2. Does your argument hold only for the addition of an additional independent data set (as in the IMDB/Netflix case), or does it hold also when we add more of the same kind of data (e.g., more user ratings in the case of Netflix)?
Adding independent data usually makes a huge difference. For example, in the case of web search, Google made a big leap by adding links and anchor text, which are independent data sets from the text of web pages. In the case of AdWords, the CTR data was an independent data set from the bid data. And Google went even a step further: they became a domain registrar so they could add even more data about domain ownership and transfers into their ranking scheme. Google consistently has believed and bet on more data, while trumpeting the power of their algorithms.
You might think that it won't help much to add more of the same data, because diminishing returns would set in. This is true in some cases; however, in many important cases, adding more of the same data makes a bigger difference than you'd think. These are cases where where the application sees the data embedded in a very-high-dimensional space. For example, in the case of Netflix, we can think of dimensions as users (or movies); and in the case of web search, the dimensions are k-grams of terms.
In such cases, the available data is usually very sparse and has a long-tailed distribution.
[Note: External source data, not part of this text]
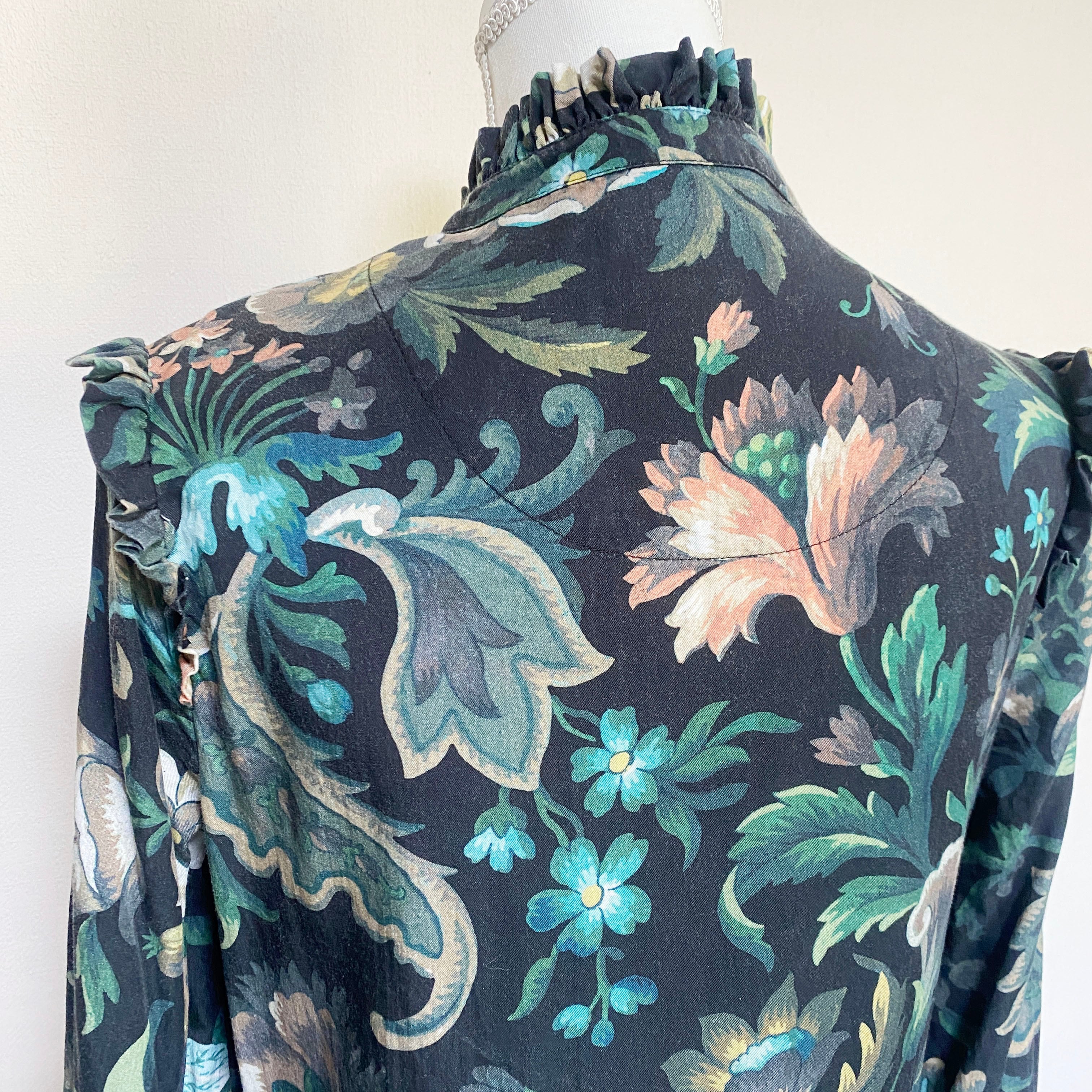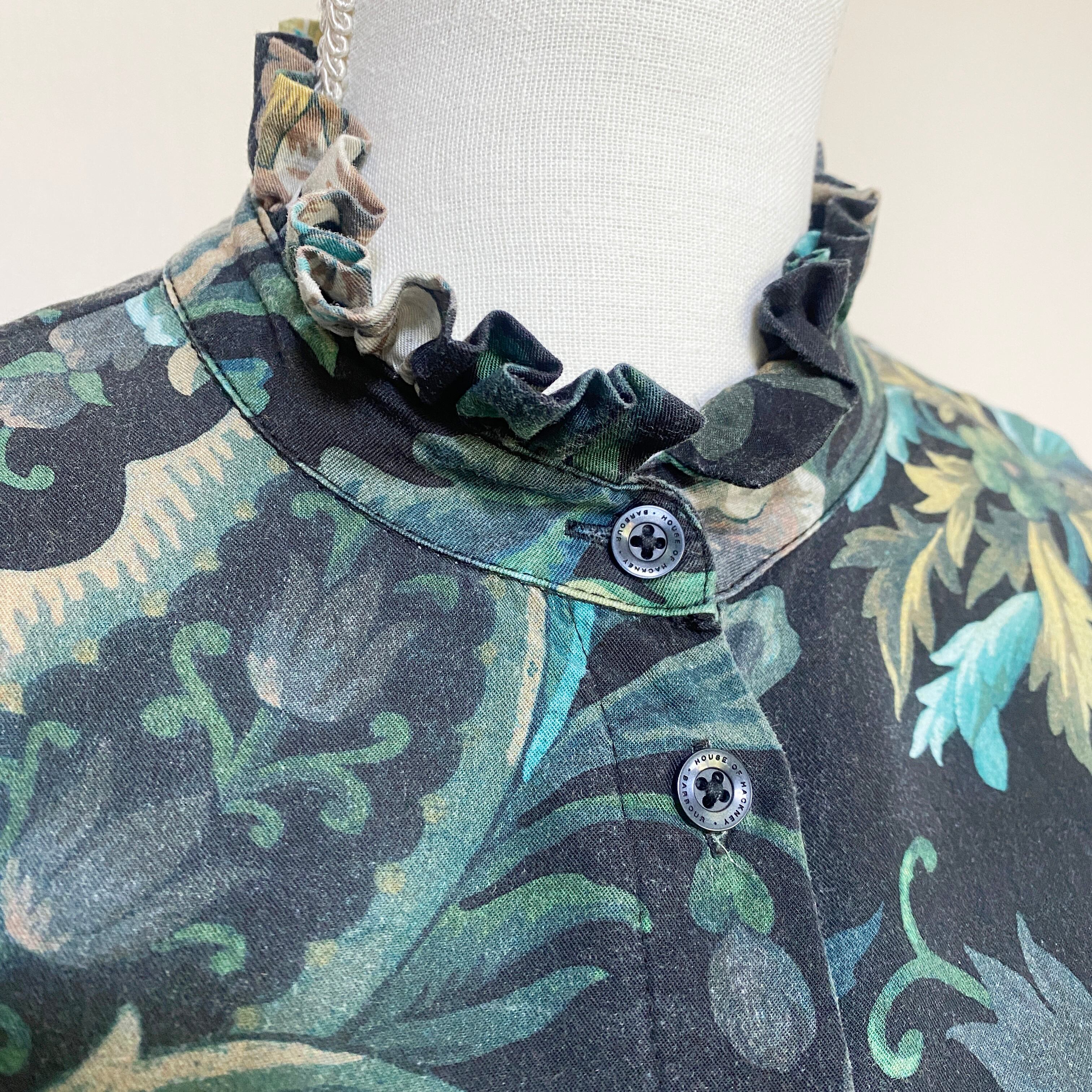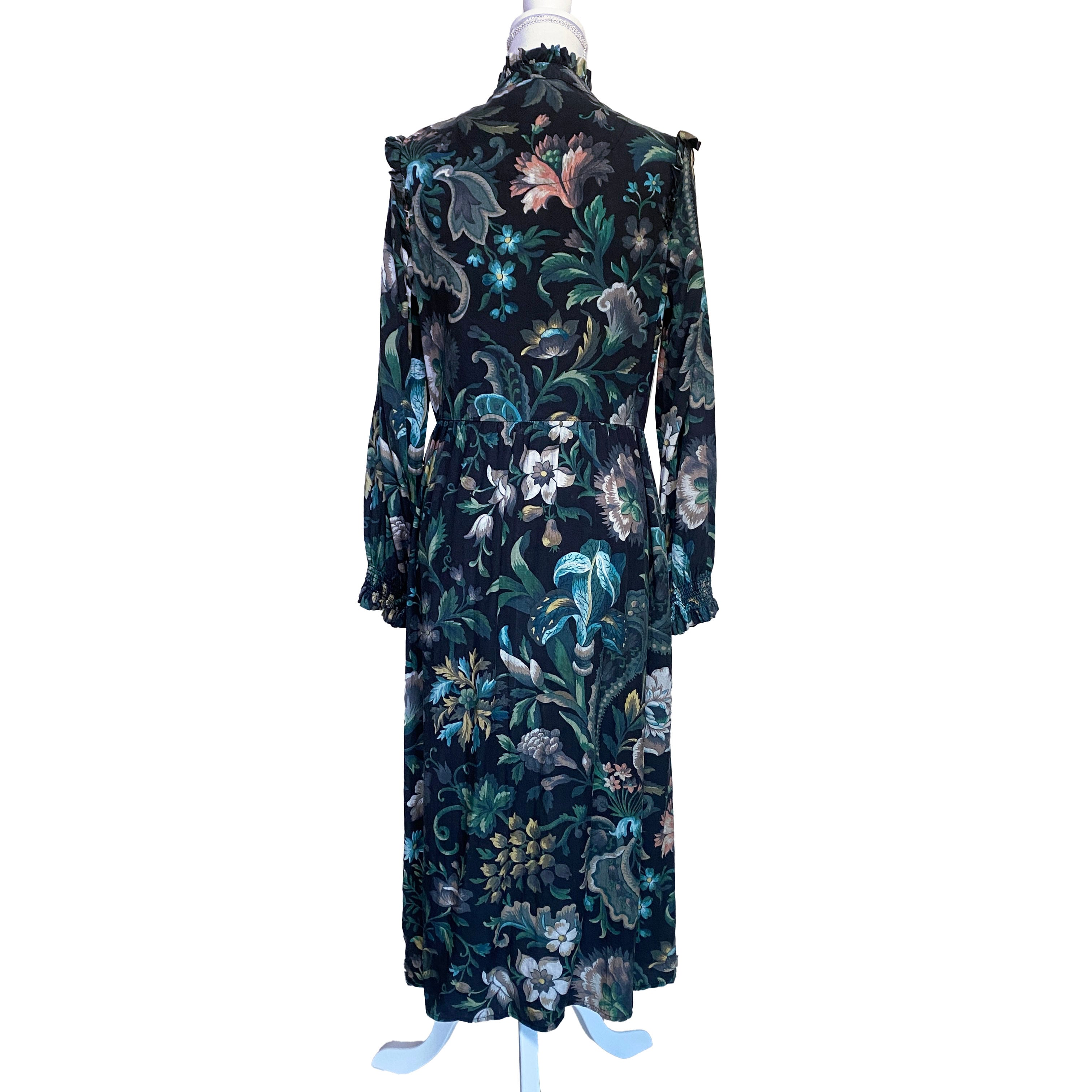 くすんだブラックに、緑を基調とした色味のボタニカルプリントのワンピース。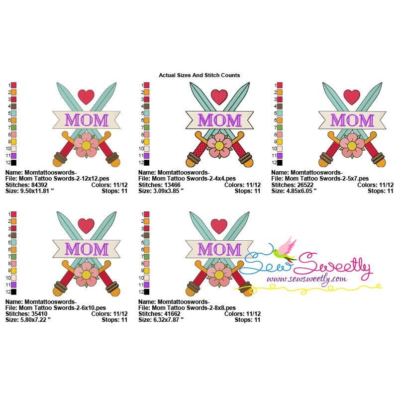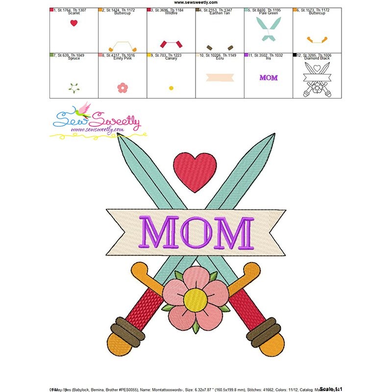 Mom Tattoo Swords-2 Embroidery Design Pattern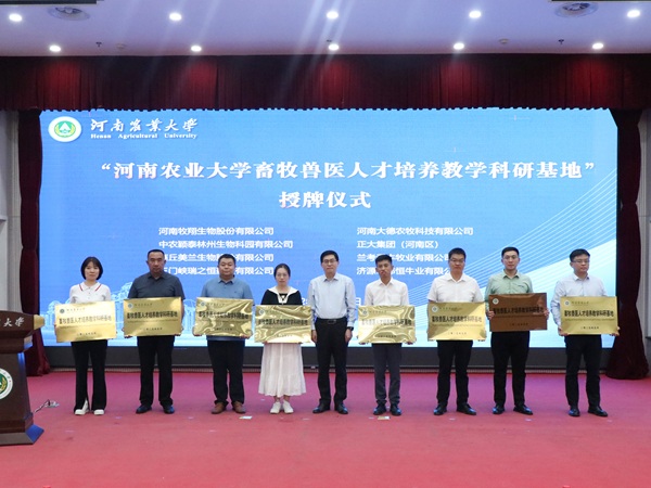 现场,郭战伟为正大集团河南区、商丘美兰生物股份有限公司、河南牧翔生物股份有限公司、中农颖泰林州生物科园有限公司、三门峡瑞之恒药业有限公司、河南大德农牧科技有限公司、兰考禾丰牧业有限公司、济源市伟恒牛业有限公司等8家企业授予“河南农业大学畜牧兽医人才培养教学科研基地”牌匾。动物医学院分别与商丘美兰生物股份有限公司、河南亿万中元生物技术有限公司签署校企合作协议,标志着校企合作向更深层次、更广领域迈进。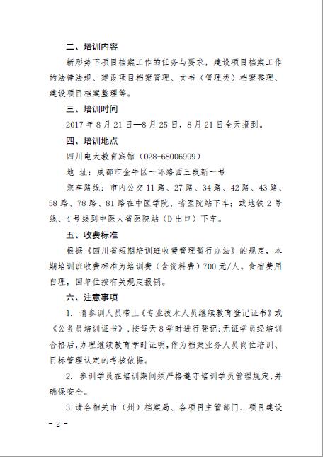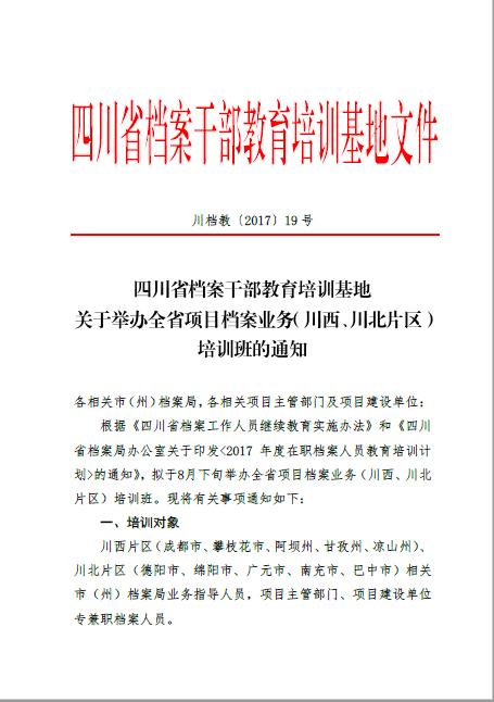 关于举办全省项目档案业务(川西、 川北片区)培训班的通知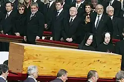 President Chen Shui-bian (far left) attended the funeral of Pope John Paul II, and as the Holy See's recognised head of state of China, was seated in the first row in alphabetical order beside the first lady and president of Brazil.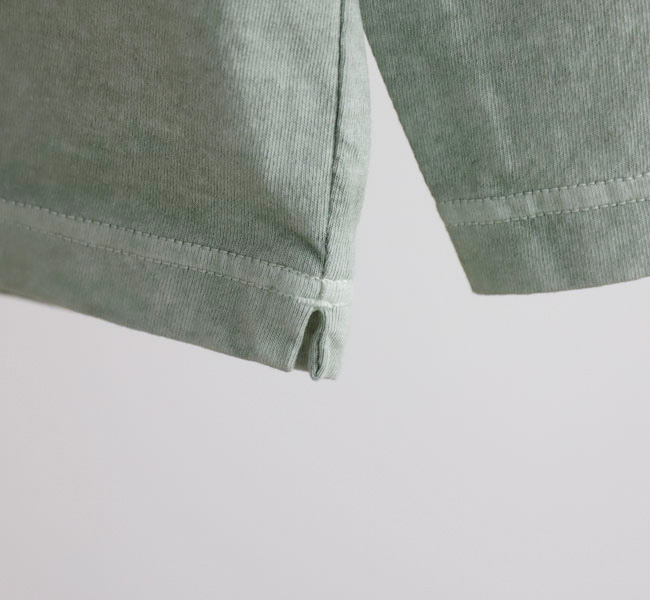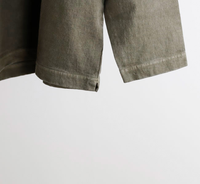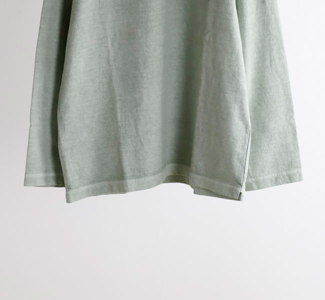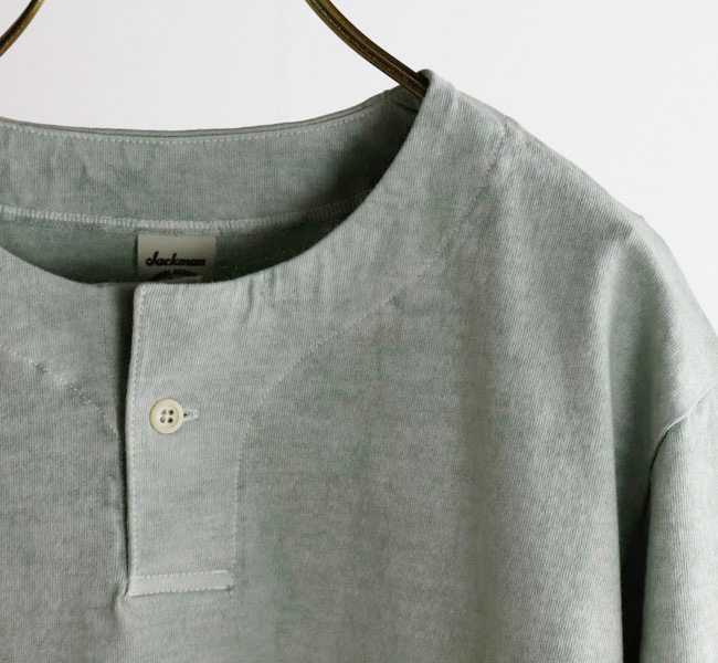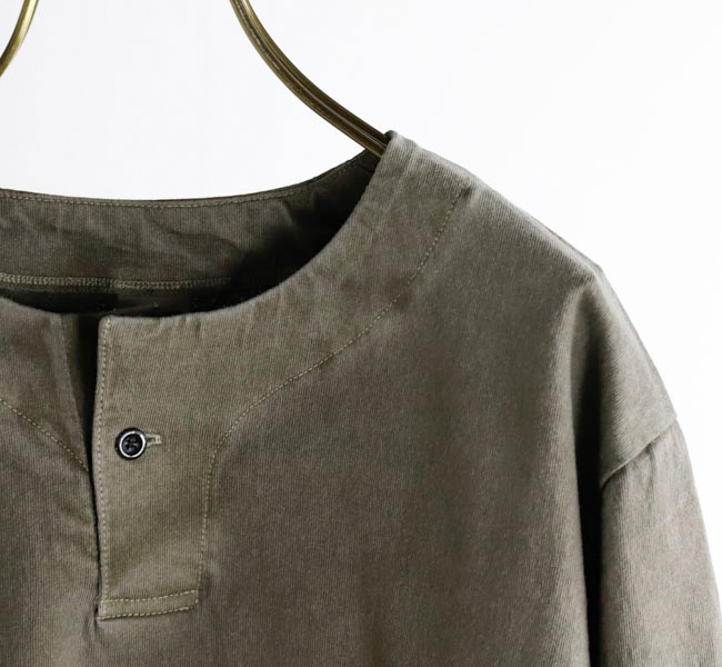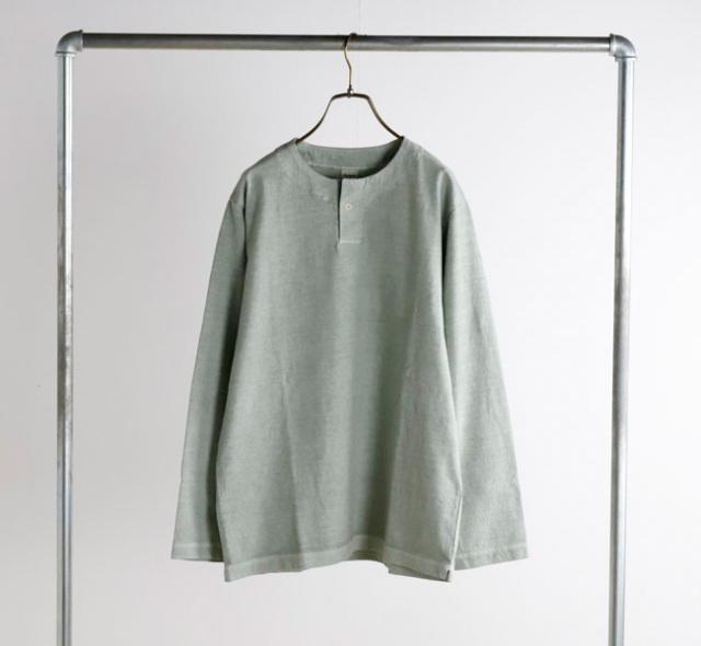 乾燥感がありザラッとした肌触りが特徴のアメリカ綿を空気紡績によって粗野な表面感に仕上げたヘンリーネック長袖Tシャツです。Baseballユニフォームのような首周りのデザインと肌着っぽくならない1つボタン仕様を加えた特徴的なデザインはBaseballのDNAを色濃く反映したデザインです。25春夏はピグメント染色カラー2色で展開します。スペアボタン付き。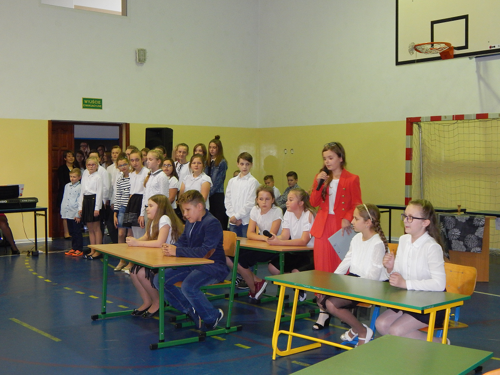 Kolejnym punktem uroczystości było przedstawienie przygotowane przez p. Elżbietę Manowiecką oraz p. Lidię Podwysocką - Leśniak. Występ obejmował humorystyczne widowisko oraz wiele piosenek śpiewanych przez chór i wybranych uczniów.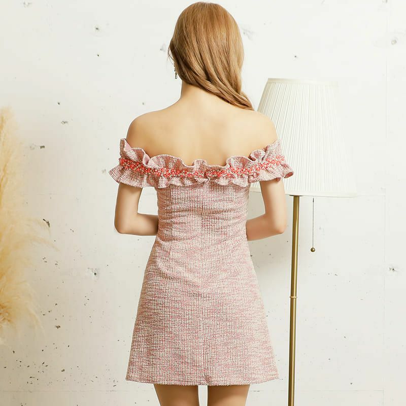 4. [Angel-R/エンジェルアール] 高級バストオフショルダーパールビジューフリルオフショルダーフレアミニドレス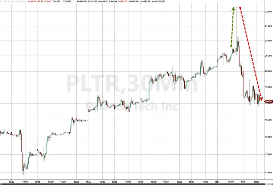 具体来看,两大事件直接引爆了对散户热门股的抛售。首先是 Palantir 的财报引发了对其增长前景的担忧。

For example, in the Netflix example, we have ratings available for less than 1% of all movie-user pairs. We can add lots of ratings data before diminishing returns becomes a real issue -- say add 10 times more. In such cases, adding lots more of the same kind of data makes a big difference.
3. Can you provide more specifics about the algorithms used in the student projects?
I don't plan to do so at this time, because I don't have permission from the student teams and don't wish to jeopardize their chances in the Netflix competition.
The boys at Carnegie Mellon University thought of this last year. Check out the google tech talk:
http://video.google.com/videoplay?docid=-8639996003880499413
The underlying theory is, that if you have enough data points, then the method you use to interpolate missing data points becomes less important, because in the limiting case all reasonable similarity metrics become equivalent.
Posted by: gfyffe | April 03, 2008 at 02:45 PM
Re: "More data AND better algorithms: The second reason is more subtle, and has to do with the structure and computational complexity of algorithms."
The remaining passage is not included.